=== Section Start ===

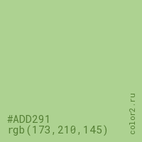 Цвет #ADD291 в цветовой модели RGB обозначается тремя октетами (173, 210, 145) в десятичном формате и #ADD291 в шестнадцатиричном (hex) формате, которые являются интенсивностью красного 173 (hex AD), интенсивность зелёного 210 (hex D2) и интенсивность синего 145 (hex 91).
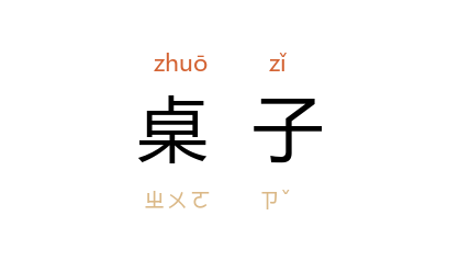 ⒈ 上有一水平面,下有柱子支撑,可在上工作或放置物品的家具。制做材料有木材、铝、塑胶等。计算单位为「张」。
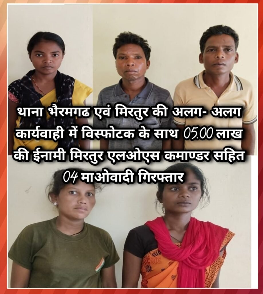 थाना भैरमगढ एवं मिरतुर की अलग- अलग कार्यवाही में विस्फोटक के साथ 05.00 लाख की ईनामी मिरतुर एलओएस कमाण्डर सहित 04 माओवादी गिरफ्तार
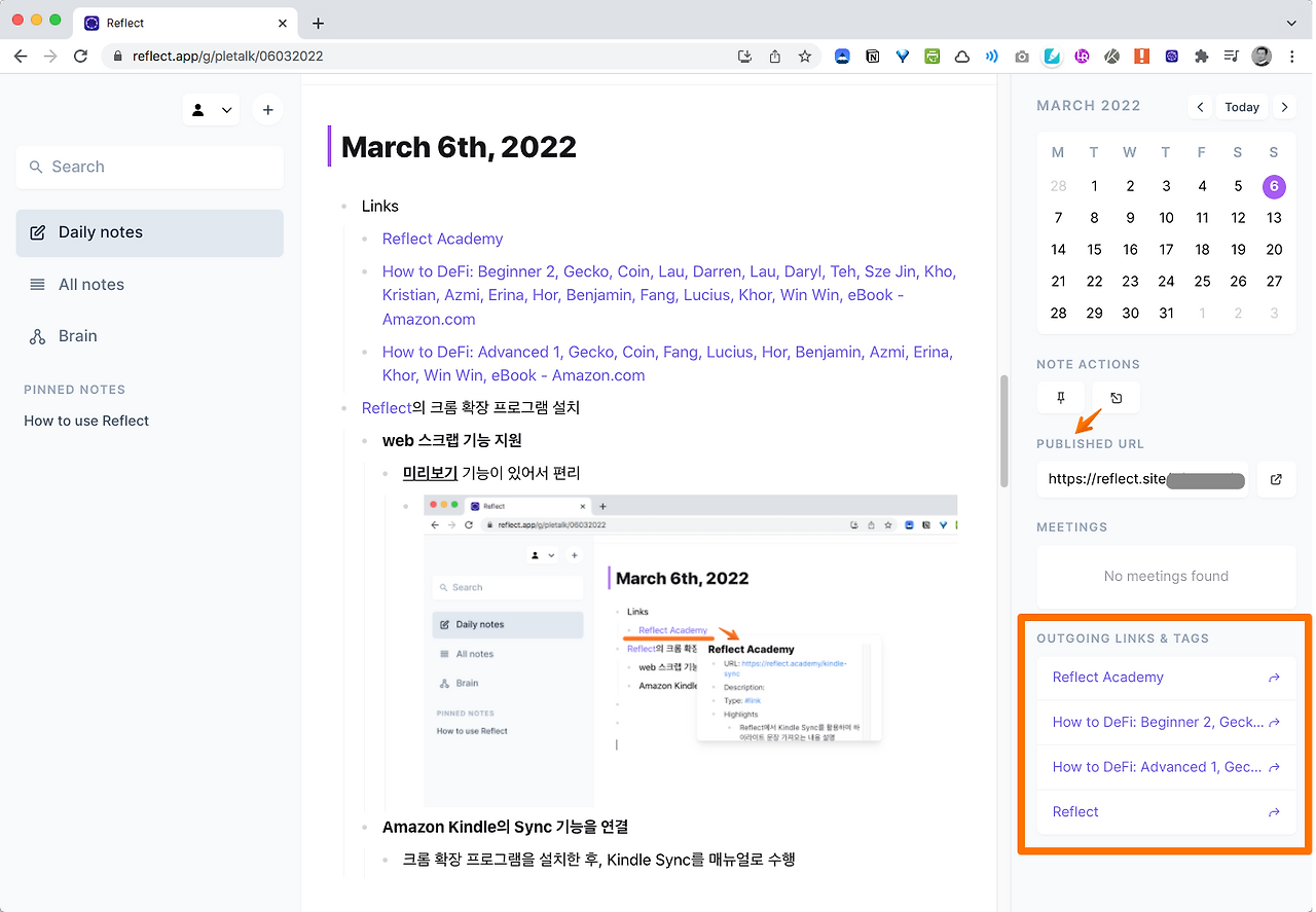 Reflect에서 일자별 노트를 중심으로 작성한 예시는 아래와 같습니다. 클리퍼에서 추가한 링크들은 Links 섹션에 추가되며, [[ ]]를 사용해서 새로운 주제 노트를 만들 수 있으며, 작성한 노트 자체를 Public 하게 공유도 가능합니다. 노트에 추가된 links들 중에서 outgoing links와 tags들은 빠른 사용을 위해 오른쪽 하단에 별도로 영역이 표시되어 페이지 내용의 스크롤 없이 빠른 이동이 가능한 점은 매우 유용할 것 같습니다.

=== Section End ===

What to do>
Skip the images and write out the rest of the listing exactly.

Solution to this problem>
 Цвет #ADD291 в цветовой модели RGB обозначается тремя октетами (173, 210, 145) в десятичном формате и #ADD291 в шестнадцатиричном (hex) формате, которые являются интенсивностью красного 173 (hex AD), интенсивность зелёного 210 (hex D2) и интенсивность синего 145 (hex 91).
 ⒈ 上有一水平面,下有柱子支撑,可在上工作或放置物品的家具。制做材料有木材、铝、塑胶等。计算单位为「张」。
 थाना भैरमगढ एवं मिरतुर की अलग- अलग कार्यवाही में विस्फोटक के साथ 05.00 लाख की ईनामी मिरतुर एलओएस कमाण्डर सहित 04 माओवादी गिरफ्तार
 Reflect에서 일자별 노트를 중심으로 작성한 예시는 아래와 같습니다. 클리퍼에서 추가한 링크들은 Links 섹션에 추가되며, [[ ]]를 사용해서 새로운 주제 노트를 만들 수 있으며, 작성한 노트 자체를 Public 하게 공유도 가능합니다. 노트에 추가된 links들 중에서 outgoing links와 tags들은 빠른 사용을 위해 오른쪽 하단에 별도로 영역이 표시되어 페이지 내용의 스크롤 없이 빠른 이동이 가능한 점은 매우 유용할 것 같습니다.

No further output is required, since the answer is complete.